Full transcription, minus images: write out the listing below exactly as it appears.
---- Data shown
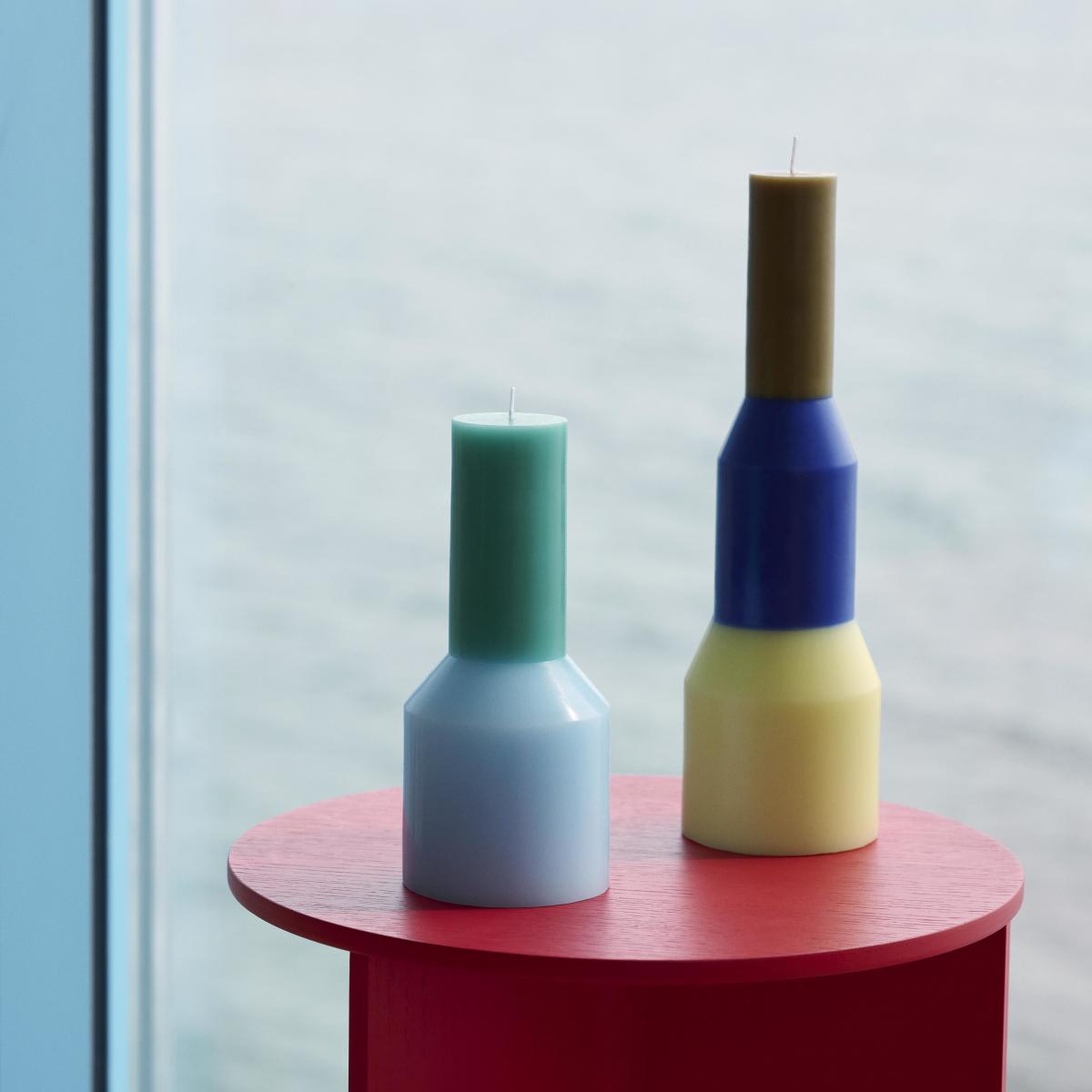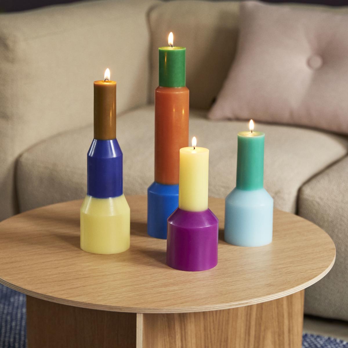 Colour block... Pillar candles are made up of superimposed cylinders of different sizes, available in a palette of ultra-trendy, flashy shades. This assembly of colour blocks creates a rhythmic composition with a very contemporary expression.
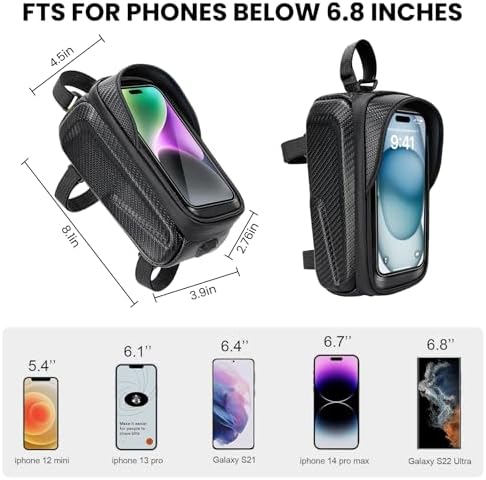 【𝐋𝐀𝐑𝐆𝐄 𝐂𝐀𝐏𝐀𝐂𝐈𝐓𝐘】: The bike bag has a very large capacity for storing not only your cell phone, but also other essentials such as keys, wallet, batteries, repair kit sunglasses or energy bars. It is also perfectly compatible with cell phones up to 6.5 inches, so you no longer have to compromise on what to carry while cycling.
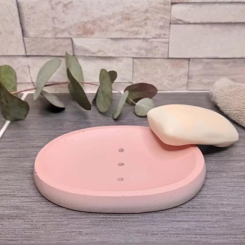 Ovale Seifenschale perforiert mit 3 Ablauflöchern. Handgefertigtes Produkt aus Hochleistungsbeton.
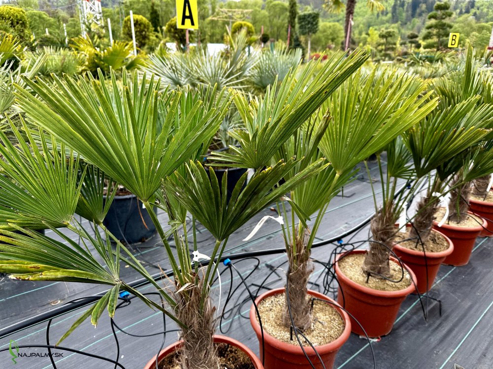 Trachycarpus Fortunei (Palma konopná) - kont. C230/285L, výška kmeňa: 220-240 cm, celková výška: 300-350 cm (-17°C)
--------
Task result:
 Colour block... Pillar candles are made up of superimposed cylinders of different sizes, available in a palette of ultra-trendy, flashy shades. This assembly of colour blocks creates a rhythmic composition with a very contemporary expression.
 【𝐋𝐀𝐑𝐆𝐄 𝐂𝐀𝐏𝐀𝐂𝐈𝐓𝐘】: The bike bag has a very large capacity for storing not only your cell phone, but also other essentials such as keys, wallet, batteries, repair kit sunglasses or energy bars. It is also perfectly compatible with cell phones up to 6.5 inches, so you no longer have to compromise on what to carry while cycling.
 Ovale Seifenschale perforiert mit 3 Ablauflöchern. Handgefertigtes Produkt aus Hochleistungsbeton.
 Trachycarpus Fortunei (Palma konopná) - kont. C230/285L, výška kmeňa: 220-240 cm, celková výška: 300-350 cm (-17°C)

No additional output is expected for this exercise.